──────── Data shown

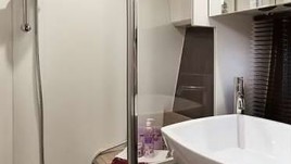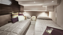 На нижней палубе находятся две каюты с санузлами и вещевыми шкафами. Мастер-каюта в носовой части оборудована двуспальной кроватью, а гостевая каюта на миделе имеет две односпальные кровати.
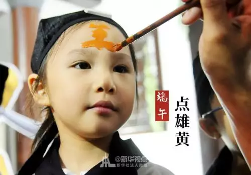 端午節這一天,古人有飲雄黃酒的習俗,古語曰「飲了雄黃酒,病魔都遠走。」然而,從現代科學的角度看,喝雄黃酒有損人的身體健康,危險性很大。許多地方有用雄黃酒在孩子額頭上書寫「王」字的習俗,這也表現出人們對虎的崇拜,一借雄黃以驅毒,二借猛虎以鎮邪,三則表達對孩子的祝福。
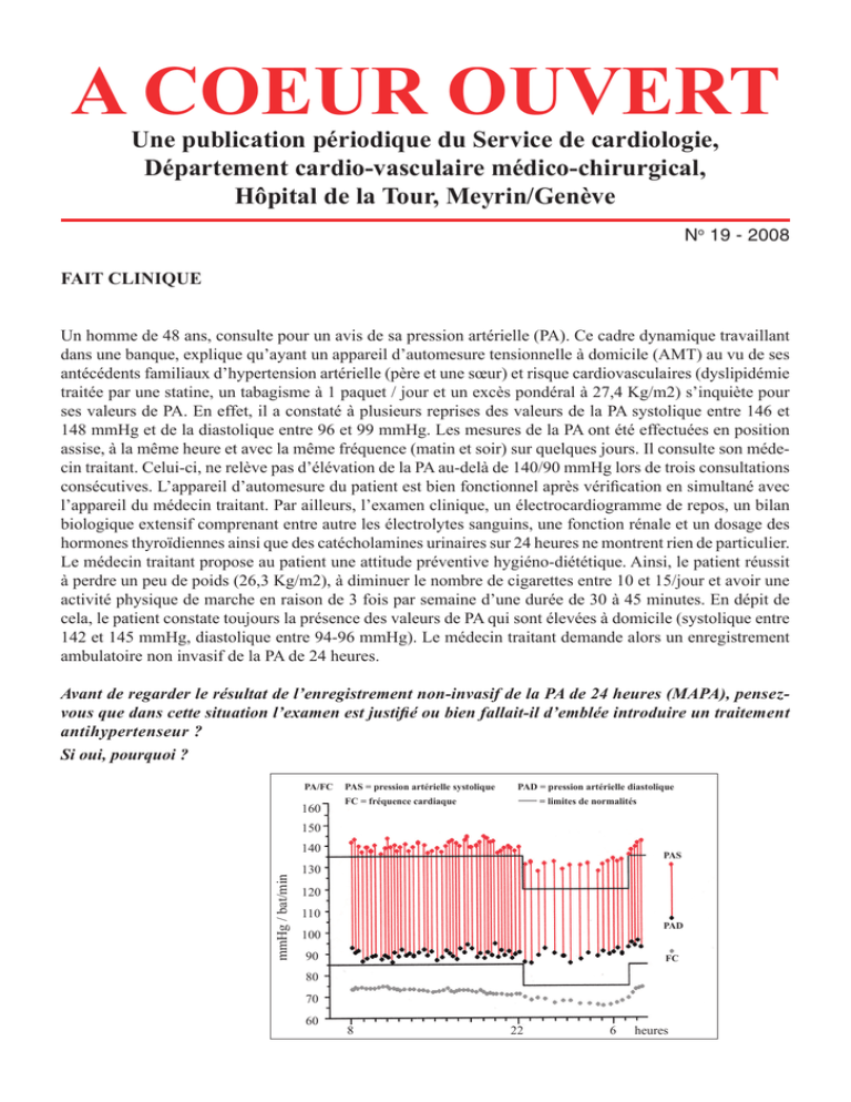 A COEUR OUVERT Une publication périodique du Service de cardiologie, Département cardio-vasculaire médico-chirurgical, Hôpital de la Tour, Meyrin/Genève No 19 - 2008 FAIT CLINIQUE Un homme de 48 ans, consulte pour un avis de sa pression artérielle (PA). Ce cadre dynamique travaillant dans une banque, explique qu’ayant un appareil d’automesure tensionnelle à domicile (AMT) au vu de ses antécédents familiaux d’hypertension artérielle (père et une sœur) et risque cardiovasculaires (dyslipidémie traitée par une statine, un tabagisme à 1 paquet / jour et un excès pondéral à 27,4 Kg/m2) s’inquiète pour ses valeurs de PA. En effet, il a constaté à plusieurs reprises des valeurs de la PA systolique entre 146 et 148 mmHg et de la diastolique entre 96 et 99 mmHg. Les mesures de la PA ont été effectuées en position assise, à la même heure et avec la même fréquence (matin et soir) sur quelques jours. Il consulte son médecin traitant. Celui-ci, ne relève pas d’élévation de la PA au-delà de 140/90 mmHg lors de trois consultations consécutives. L’appareil d’automesure du patient est bien fonctionnel après vérification en simultané avec l’appareil du médecin traitant. Par ailleurs, l’examen clinique, un électrocardiogramme de repos, un bilan biologique extensif comprenant entre autre les électrolytes sanguins, une fonction rénale et un dosage des hormones thyroïdiennes ainsi que des catécholamines urinaires sur 24 heures ne montrent rien de particulier. Le médecin traitant propose au patient une attitude préventive hygiéno-diététique. Ainsi, le patient réussit à perdre un peu de poids (26,3 Kg/m2), à diminuer le nombre de cigarettes entre 10 et 15/jour et avoir une activité physique de marche en raison de 3 fois par semaine d’une durée de 30 à 45 minutes. En dépit de cela, le patient constate toujours la présence des valeurs de PA qui sont élevées à domicile (systolique entre 142 et 145 mmHg, diastolique entre 94-96 mmHg). Le médecin traitant demande alors un enregistrement ambulatoire non invasif de la PA de 24 heures. Avant de regarder le résultat de l’enregistrement non-invasif de la PA de 24 heures (MAPA), pensezvous que dans cette situation l’examen est justifié ou bien fallait-il d’emblée introduire un traitement antihypertenseur ? Si oui, pourquoi ? PA/FC 160 PAS = pression artérielle systolique PAD = pression artérielle diastolique = limites de normalités FC = fréquence cardiaque 150 mmHg / bat/min 140 PAS 130 120 110 PAD 100 90 FC 80 70 60 8 22 6 heures RÉPONSE Comme vous pouvez le constater sur la figure, la MAPA du patient montre une hypertension artérielle systolo-diastolique en phase diurne (moyenne systolique à 139 mmHg et diastolique à 91 mmHg). Cet examen permet de préciser, contrairement à la mesure conventionnelle en milieu médical ou à domicile par le patient comment varient les valeurs de PA en période nocturnes. Qui, je vous rappelle sont pronostic en terme de survenue d’événements cardiovasculaires indépendamment des valeurs diurnes. Chez notre patient, le profil nocturne est anormalement élevé (moyenne systolique à 131 mmHg et diastolique à 89 mmHg). Sur la base de l’histoire clinique du patient et de différentes investigations effectuées, le diagnostic d’Hypertension Artérielle Essentielle Masquée a été retenu. Définition de l’Hypertension Masquée: Au cours de ces 15 dernières années, on a montré que le niveau tensionnel basal était mieux défini par la mesure ambulatoire (MAPA) ou l’automesure tensionnelle à domicile (AMT) que par la méthode conventionnelle en milieu médical. Très récemment, plusieurs études ont démontré, tant pour la MAPA que pour l’AMT, que la morbi-mortalité cardiovasculaire était mieux prédite par le niveau tensionnel défini par ces deux méthodes que celui mesuré en consultation médicale. Cependant, il n’y a pas d’étude prospective montrant qu’une méthode est supérieure à l’autre en terme pronostic. Néanmoins, on peut supposer que par le nombre de mesures obtenues par la MAPA et sans interférence de contrôle par le sujet sur les valeurs enregistrées ainsi que d’autre part de l’analyse du profil tensionnel nocturne, cette méthode est plus précise dans le diagnostic, l’évaluation de la stratification du risque cardiovasculaire et dans la surveillance du patient hypertendu traité. La comparaison des résultats des mesures tensionnelles obtenues par les différentes méthodes a conduit les sociétés savantes à classer les patients en quatre catégories (tableau) : normotendu ou ( normotendu contrôlé s’il prend un traitement antihypertenseur ) ; hypertension ou ( hypertension non contrôlée sous traitement ) ; hypertension de la blouse blanche ou encore hypertension de consultation ; enfin hypertension masquée. Mesure Conventionnelle en Milieu Médical Automesure à Domicile (moyenne) Ou Mesure Ambulatoire de 24h (moyenne diurne) <140 et 90 mmHg >ou=140 ou 90 mmHg <135 et 85 mmHg Normotendu Contrôlé Hypertension de la Blouse blanche >ou=135 ou 85 mmHg Hypertension Masquée Hypertension Non contrôlée Prévalence et évolution de l’Hypertension Masquée: La prévalence de l’hypertension masquée varie, selon les études disponibles, de 8 à 55%, écarts d’estimation principalement dus à des différences de définition et/ou de population étudiée. Si l’on restreint son évaluation à la population des sujets apparemment normotendus ou contrôlés par un traitement antihypertenseur en consultation, elle va de 23% dans une population générale non sélectionnée à 40%-55% chez les patients adressés ou suivis pour une hypertension. Autrement dit, le quart à la moitié des patients apparemment contrôlés en consultation sont en fait des hypertendus non contrôlés. Il n’existe pas d’étude publiée de reproductibilité de l’identification ou du diagnostic de l’hyp

────────────────

→ **Required work**
Give back the lines word for word, from the very first in the material above to the one that has "端午節這一天,古人有飲雄黃酒", both included, without the pictures.

→ **Task solution**
 На нижней палубе находятся две каюты с санузлами и вещевыми шкафами. Мастер-каюта в носовой части оборудована двуспальной кроватью, а гостевая каюта на миделе имеет две односпальные кровати.
 端午節這一天,古人有飲雄黃酒的習俗,古語曰「飲了雄黃酒,病魔都遠走。」然而,從現代科學的角度看,喝雄黃酒有損人的身體健康,危險性很大。許多地方有用雄黃酒在孩子額頭上書寫「王」字的習俗,這也表現出人們對虎的崇拜,一借雄黃以驅毒,二借猛虎以鎮邪,三則表達對孩子的祝福。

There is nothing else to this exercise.